For the foregoing reasons, the judgment of the Circuit Court of Cook County is hereby affirmed.

Affirmed.

McNAMARA, J., concurs.

Mr. JUSTICE SIMON,

dissenting:

I do not construe Victor v. Hillebrecht (1950), 405 Ill. 264, 90 N.E.2d 751 to authorize Devon to acquire the certificate on the Zarkin house for itself individually. Doing so was a breach of Devon’s fiduciary duty.

*1007Both Victor and the majority here stress that the trustee may buy only in a sale over which it has no control. The trustee in Victor bought on the open market. Here, in contrast, whatever the form of the transaction, Devon’s purchase of the certificate amounted in reality and in equity to a redemption. Devon controlled the sale by its right to redeem: the possibility it might exercise that right forced Home Federal to part with the certificate for less than the property was worth. Devon used its position to obtain the property under an arrangement unavailable to anyone else except the Zarkins.

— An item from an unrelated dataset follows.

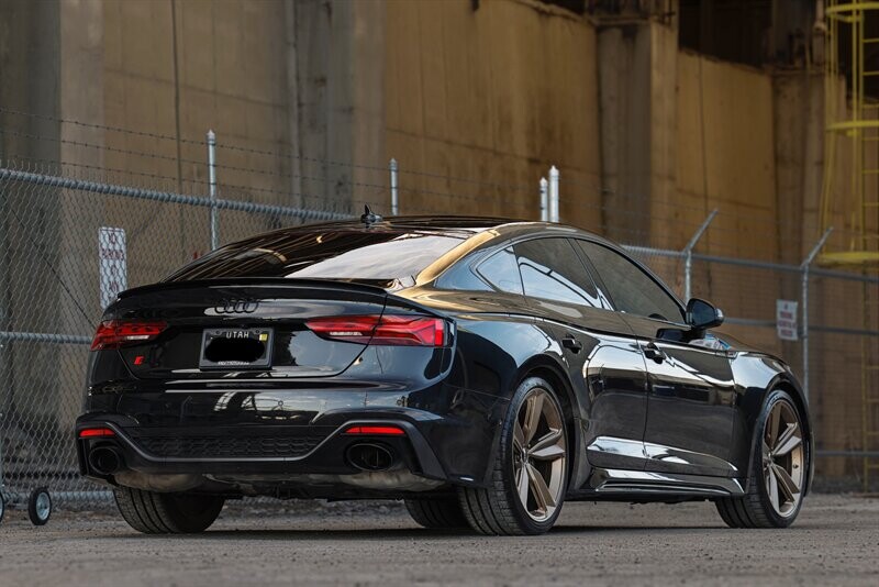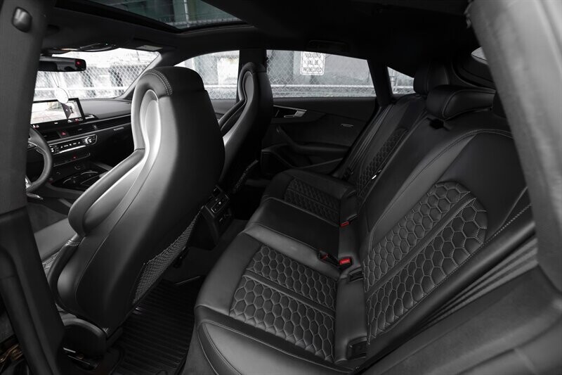 Clean title, Single-owner, Audi RS5 quattro sportback (AWD sedan) in Mythos Black metallic with Black Fine Nappa leather interior and Bronze contrast stitching. 2.9 TFSI V6 biturbo engine and 8-speed Tiptronic automatic transmission makes 444hp and 442ft. lbs. of torque. Factory warranty until 03/2026 or 50k miles, whichever comes first. 40k service just performed at Audi.

There are still other differences between the facts in Victor and this case. The trustee in Victor bought a share of the beneficial interest in the trust, thereby aligning his personal interest with the trust’s. Devon bought an interest adverse to the trust, an especially strong lien on the trust property. Victor says that a trustee may not buy an encumbrance on the trust property, or a claim adverse to the beneficiary. 405 Ill. 264, 269.

The court emphasized that all the beneficiaries of the trust benefitted from his act. The Zarkins enjoyed no apparent benefit here. I do not view Victor as establishing principles which control this case. Devon did not have to sit on its hands and lose the money it had loaned the Zarkins. As assignee for security, Devon individually had an equity of redemption to the extent of its interest — a security interest. It was not inhibited from buying the certificate to protect itself. But when Devon, the trustee, in effect redeemed the trust property, it did so as trustee, in behalf of all concerned — the Zarkins as ultimate beneficiaries as well as Devon itself as beneficiary for security.

I would therefore remand for the circuit court to consider the present facts, the contractual relations between the Zarkins and Devon, and general trust, mortgage, and other relevant law, and determine whether Devon has any remaining duties to the Zarkins. Absent contractual arrangements to the contrary, if the property on a fair sale brings more than what Devon paid for the certificate, the amount of its secured debt, and appropriate incidental sums to which Devon may be entitled, I would order whatever is left paid to the Zarkins.